Брюнетка сразу и не сообразила, чуть не расцвела улыбкой - шуткует дело ясное, но Помреж щипанул тугое бедро, оскалился, зубы, будто колья забора, зажелтели слоновой костью.
Помреж подцепил обеих девок под руки, потащил в зал. Официант, отваживавший оккупанток заветного стола, удивленно приостановился, Помреж скомандовал боевой сбор, мол, тащи все, что под руку попадется и гуще уставляй тарелки, гулять начнем, потянуло вдруг на царский пир.
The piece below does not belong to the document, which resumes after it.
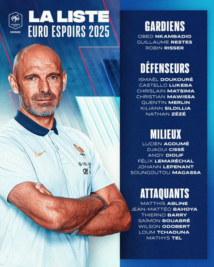 法国U21欧洲杯球员名单:特尔、奥多贝尔、卢克巴在列

Веселье заскакало аховыми прыжками, девки дули пиво, будто пожарной помпой качали, сам Васька тормознул, вмиг, протрезвел еще там в курилке перед клозетом. Костоломы с севера уселись через несколько столов, разглядывали Помрежа в упор, не таясь, совещались: видно, секли объект еще на подходах к пивной видели, один чешет, и девки в раскладку сил не вписывались.
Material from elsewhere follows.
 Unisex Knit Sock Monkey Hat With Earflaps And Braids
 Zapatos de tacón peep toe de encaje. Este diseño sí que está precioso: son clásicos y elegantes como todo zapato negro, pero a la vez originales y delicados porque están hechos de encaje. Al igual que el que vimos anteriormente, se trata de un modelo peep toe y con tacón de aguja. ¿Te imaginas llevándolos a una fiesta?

Васька успевал балаболить с подругами, покусывая веточку петрушки и прикидывая, как бы организовать отход. Через официанта вызвал дружка, пролил свет на свое дрянное положение, уточнил, нет ли лазеек. Дружок почернел, даже не глянул на северных, и без того знал, с кем дело имеет, и отказался охранять проводку конвоя, то бишь Помрежа с девками.
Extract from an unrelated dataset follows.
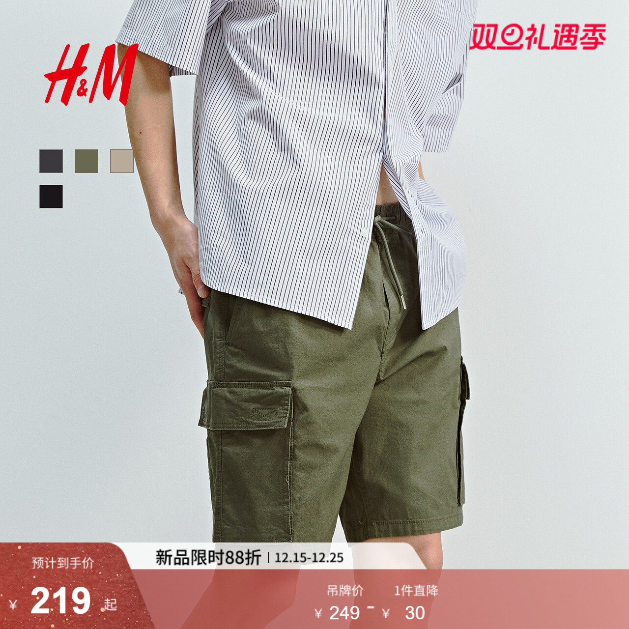 HM男装休闲裤2025冬新款商务松紧腰直筒宽松美式工装短裤1273190

Тут, конечно, не посмеют, народу полно, офицерье под пивными парами страсть любит кулаками помахать, к тому же дамы вроде в зоне обстрела, кому ж не охота порыцарствовать? Через шашлычную уходить не получалось, глупо: узкие коридорчики, иногда десятками метров бредешь и ни души, там девок отсекут в два счета, и останется Васька один на один с судьбой да со своей преданностью Фердуевой. Выходит, парадным ходом понадобится ретироваться и главное, чтоб все время на людях, и девки, чтоб рядом, без них камнем на дно сиганешь.
Подруги Помрежа гуляли от души: и не замечают дурехи, что Васька липким потом изошел, им что - оплачено!!
– То ли лох какой залил мозги до утопления всякого разума, то ли загульщика не слабого прорвало, им что, льется хмельное, жрется закусь. Э-эх, прокачу!
Васька расслабился на миг, зажмурился, а когда открыл глаза, будто просветлело, и сон дурной отлетел: чего он так напружинился? Чего они ему сделают? Да и хотят ли? Не выдержал. Поднялся, облобызал девок крепко, будто перед атакой, похоже, для самозавода, для куража - и двинул к
Двое наблюдали за рейдом Помрежа, сидели вольно, отхлебывали пиво со вкусом, безмятежно отщипывали креветочные шейки, швыряли колкоусые головки на тарелку.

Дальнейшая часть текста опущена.